§ YOUR INSTRUCTIONS
Pictures excluded, retype the lines from the one containing "Klasse der 2025" through the last line of the data below, both included.

(Collected data entries)
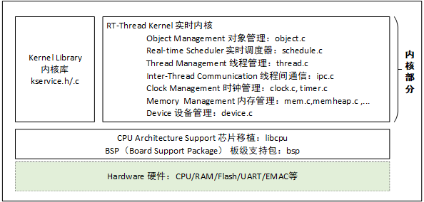 内核是操作系统最基础也是最重要的部分。下图为 RT-Thread 内核架构图,内核处于硬件层之上,内核部分包括内核库、实时内核实现。
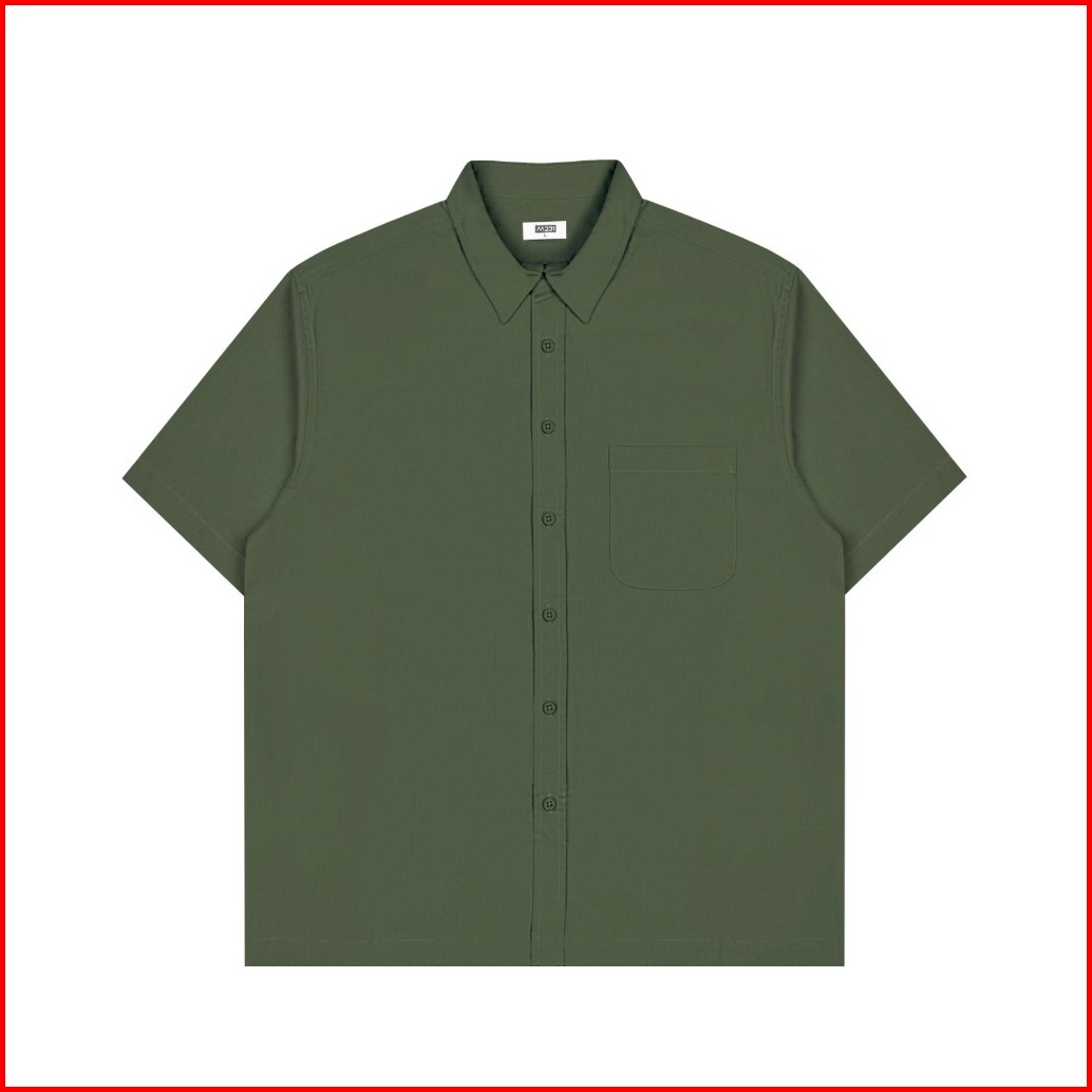 M231 Kemeja Pria Boxy Tekstur Motif Linen Hijau 1171a
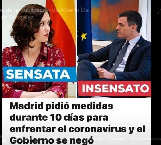 Todos tenemos el susto en el cuerpo con el Covid-19 y la ineficacia mostrada por el gobierno ‘bichavista’, fruto de la desidia y del mal asesoramiento sanitario. Diez días llevaba el gobierno madrileño pidiendo medidas al central sin que éste reaccionaria. Estaba por medio el folclore del 8M y Sánchez no podía estropear el “cháchara” propagandístico de sus chicas ministeriales, así como de la machista ministra que va “sola y borracha” e Igual Da, además de su ineficaz media naranja. Ya no nos engañan más: el gobierno de la siniestra más obtusa ha primado lo festivalero y lo político-mediático por encima de la salud de la ciudadanía. Merece un suspenso rotundo, muchos gorrazos detrás de las orejas y diversos sopapos dialécticos.
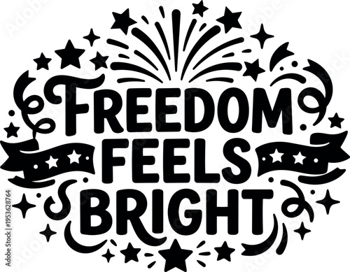 Naklejka premium Freedom feels bright calligraphic lettering with stars and fireworks vector art
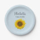 Klasse der 2025 Graduierungsparty Papierteller mit einer gelben Sonnenblume auf einem hellblauen Hintergrund. Schwarze Typografie-Schriften können mit Ihrem eigenen Text angepasst werden. Ideal, um mit Ihrem Lieblingsschüler zu feiern.
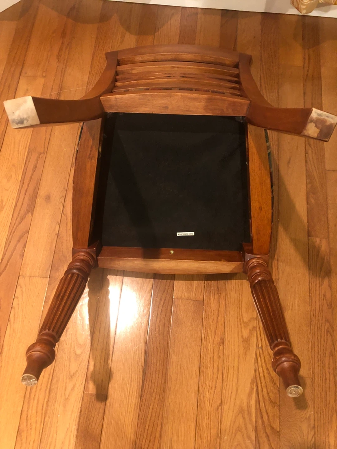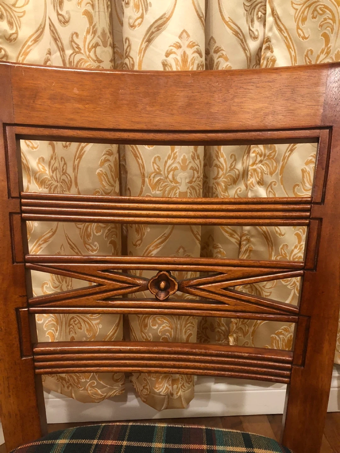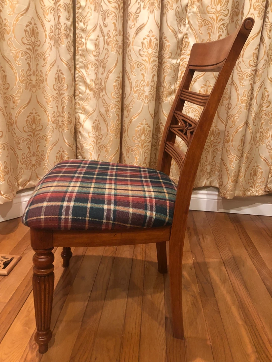 Here's a lovely wooden dining chair with a cozy plaid seat! It's perfect for adding a touch of warmth to your dining area or kitchen. The chair features a classic design with a decorative back. The seat has a traditional plaid pattern in shades of green, red, and brown.
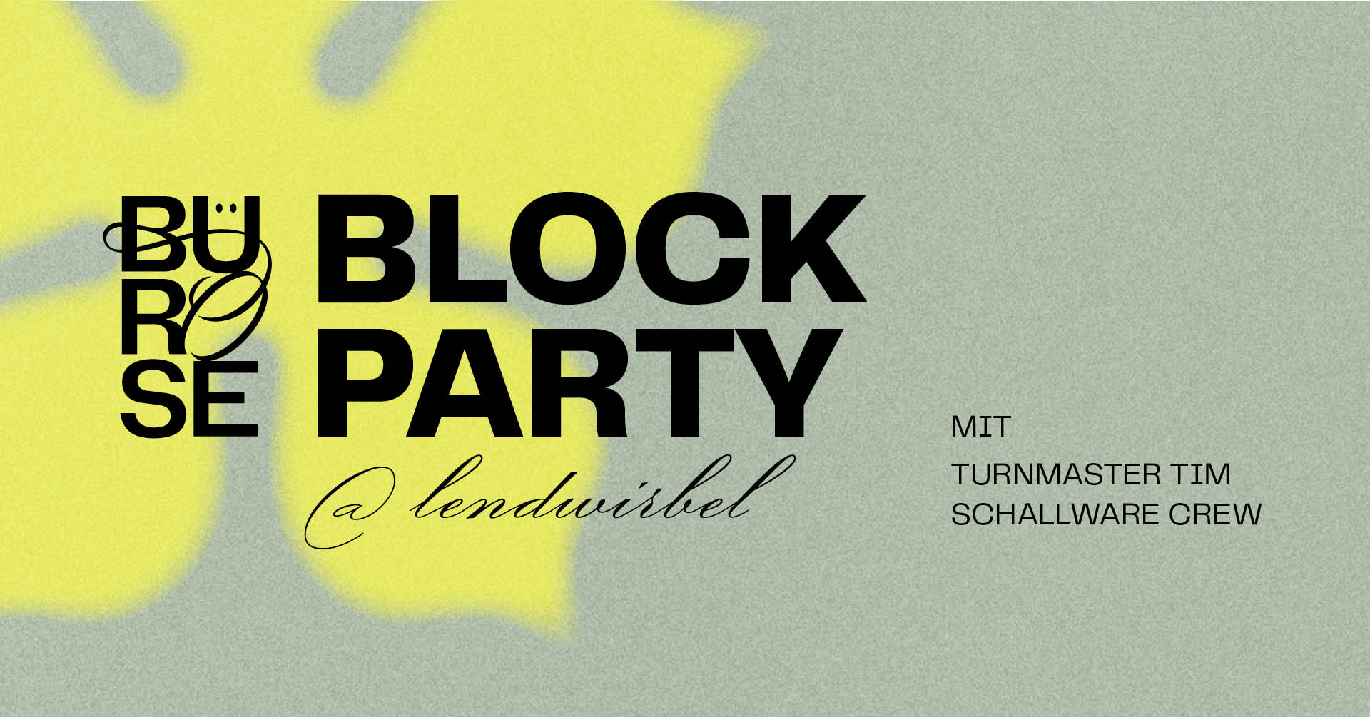 Die BüRoSe am Lend lädt zur Block Party ein. Es unterhält das BüRoSe Soundsystem feat. Turnmaster Tim und das Schallware Kollektiv mit den DJ`s in.situ und Frank Assit.

§ RESPONSE TO THIS TASK
 Klasse der 2025 Graduierungsparty Papierteller mit einer gelben Sonnenblume auf einem hellblauen Hintergrund. Schwarze Typografie-Schriften können mit Ihrem eigenen Text angepasst werden. Ideal, um mit Ihrem Lieblingsschüler zu feiern.
 Here's a lovely wooden dining chair with a cozy plaid seat! It's perfect for adding a touch of warmth to your dining area or kitchen. The chair features a classic design with a decorative back. The seat has a traditional plaid pattern in shades of green, red, and brown.
 Die BüRoSe am Lend lädt zur Block Party ein. Es unterhält das BüRoSe Soundsystem feat. Turnmaster Tim und das Schallware Kollektiv mit den DJ`s in.situ und Frank Assit.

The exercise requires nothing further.